INPUT DATA:
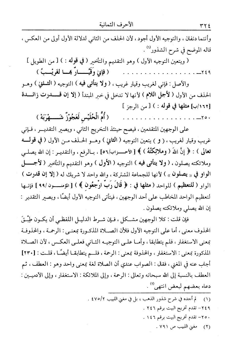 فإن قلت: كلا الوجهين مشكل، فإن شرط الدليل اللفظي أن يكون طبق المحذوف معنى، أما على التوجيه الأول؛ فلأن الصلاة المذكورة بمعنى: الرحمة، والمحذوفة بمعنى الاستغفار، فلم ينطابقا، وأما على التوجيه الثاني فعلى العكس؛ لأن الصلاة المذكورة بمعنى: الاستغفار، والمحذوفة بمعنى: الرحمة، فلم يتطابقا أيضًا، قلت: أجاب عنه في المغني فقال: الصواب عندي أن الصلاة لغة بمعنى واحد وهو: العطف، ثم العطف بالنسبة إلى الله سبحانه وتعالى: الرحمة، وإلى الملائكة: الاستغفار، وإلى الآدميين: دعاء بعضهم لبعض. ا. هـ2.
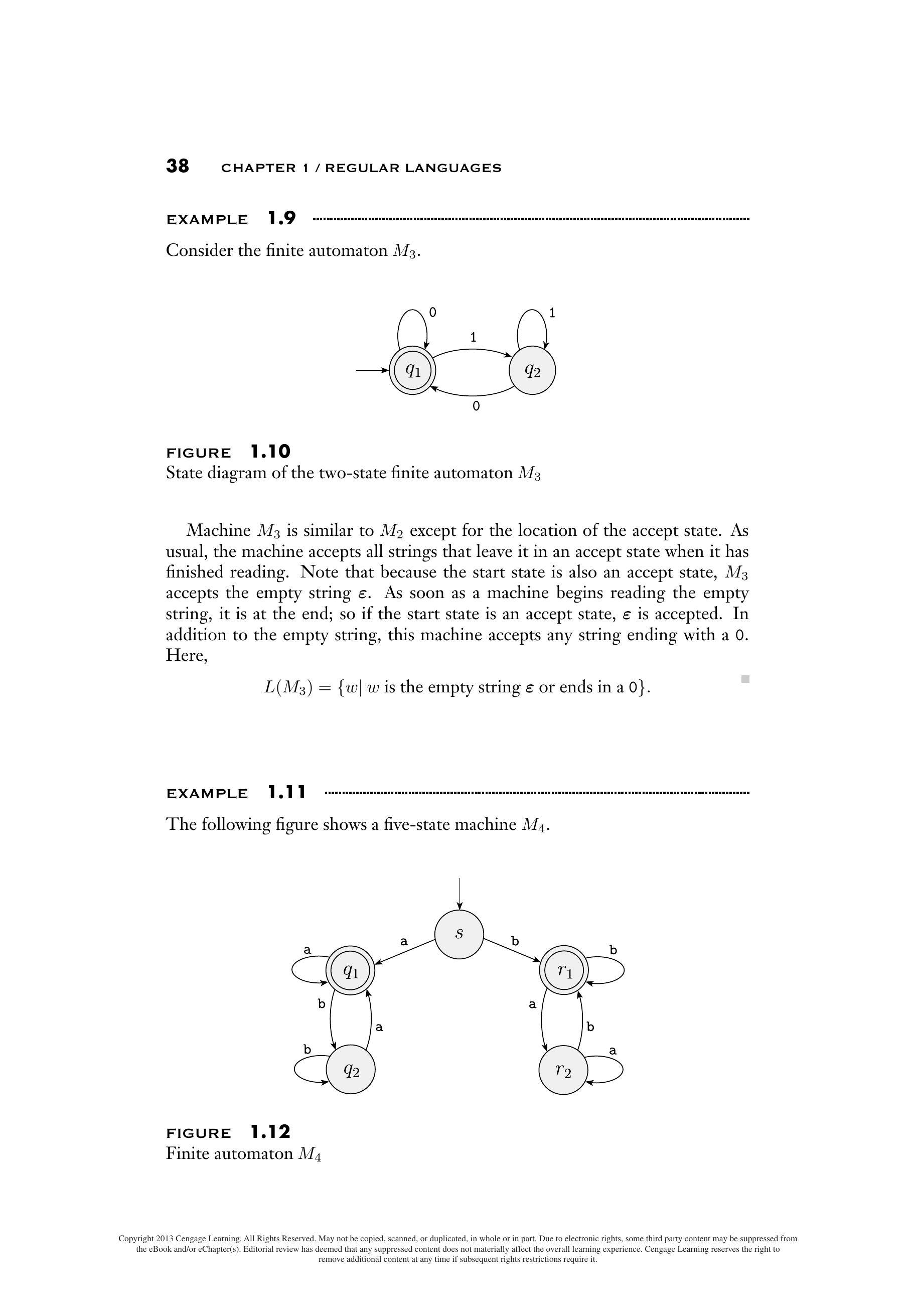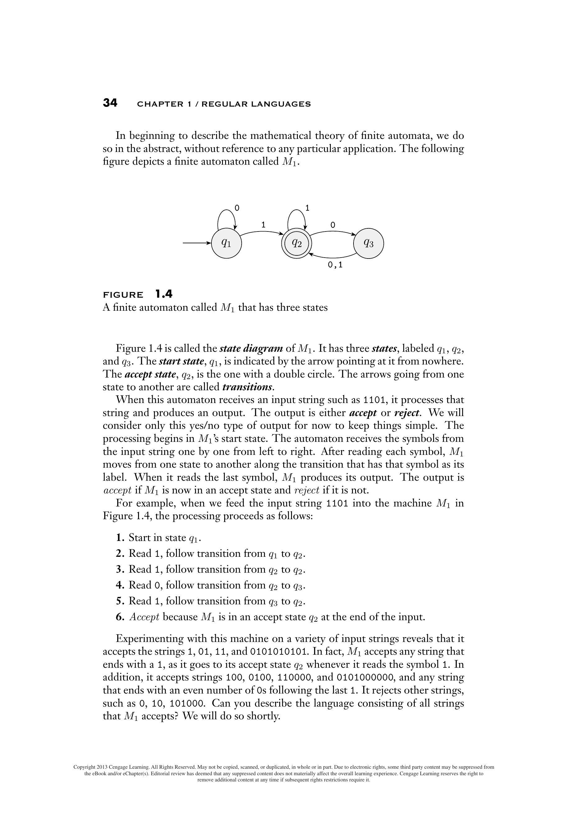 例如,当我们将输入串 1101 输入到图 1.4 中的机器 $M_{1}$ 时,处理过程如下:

---

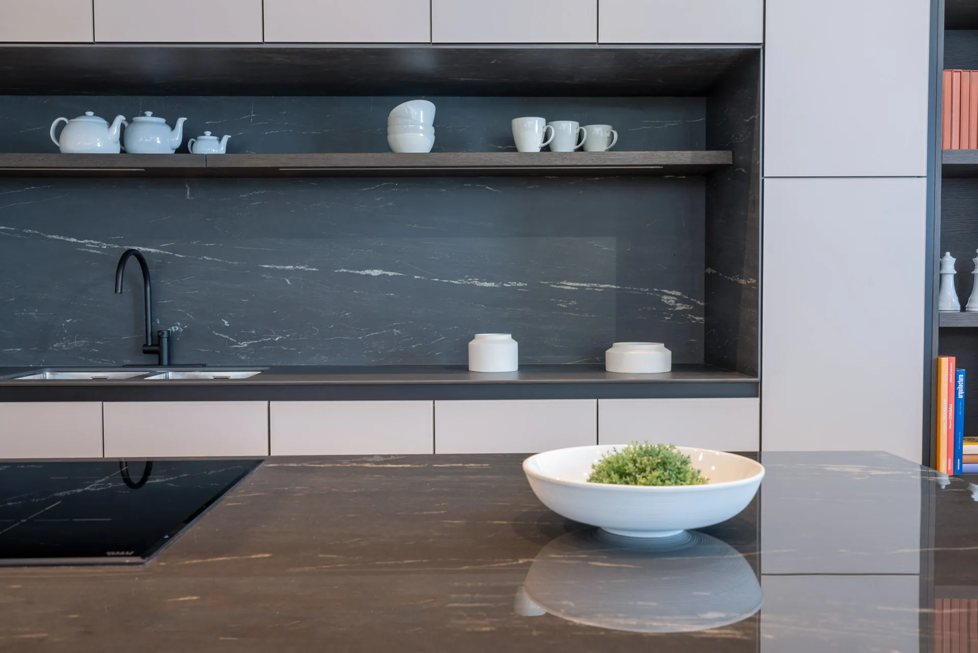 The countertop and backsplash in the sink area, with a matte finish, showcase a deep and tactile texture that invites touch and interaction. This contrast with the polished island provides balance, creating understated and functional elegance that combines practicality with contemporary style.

EXERCISE:
Using the data above, set down each line from the line with "فإن قلت: كلا" to the line with "例如,当我们将输入串 1101 输入到图" exactly, both ends included, and leave the pictures behind. Nothing else belongs.

ANSWER BOX:
 فإن قلت: كلا الوجهين مشكل، فإن شرط الدليل اللفظي أن يكون طبق المحذوف معنى، أما على التوجيه الأول؛ فلأن الصلاة المذكورة بمعنى: الرحمة، والمحذوفة بمعنى الاستغفار، فلم ينطابقا، وأما على التوجيه الثاني فعلى العكس؛ لأن الصلاة المذكورة بمعنى: الاستغفار، والمحذوفة بمعنى: الرحمة، فلم يتطابقا أيضًا، قلت: أجاب عنه في المغني فقال: الصواب عندي أن الصلاة لغة بمعنى واحد وهو: العطف، ثم العطف بالنسبة إلى الله سبحانه وتعالى: الرحمة، وإلى الملائكة: الاستغفار، وإلى الآدميين: دعاء بعضهم لبعض. ا. هـ2.
 例如,当我们将输入串 1101 输入到图 1.4 中的机器 $M_{1}$ 时,处理过程如下:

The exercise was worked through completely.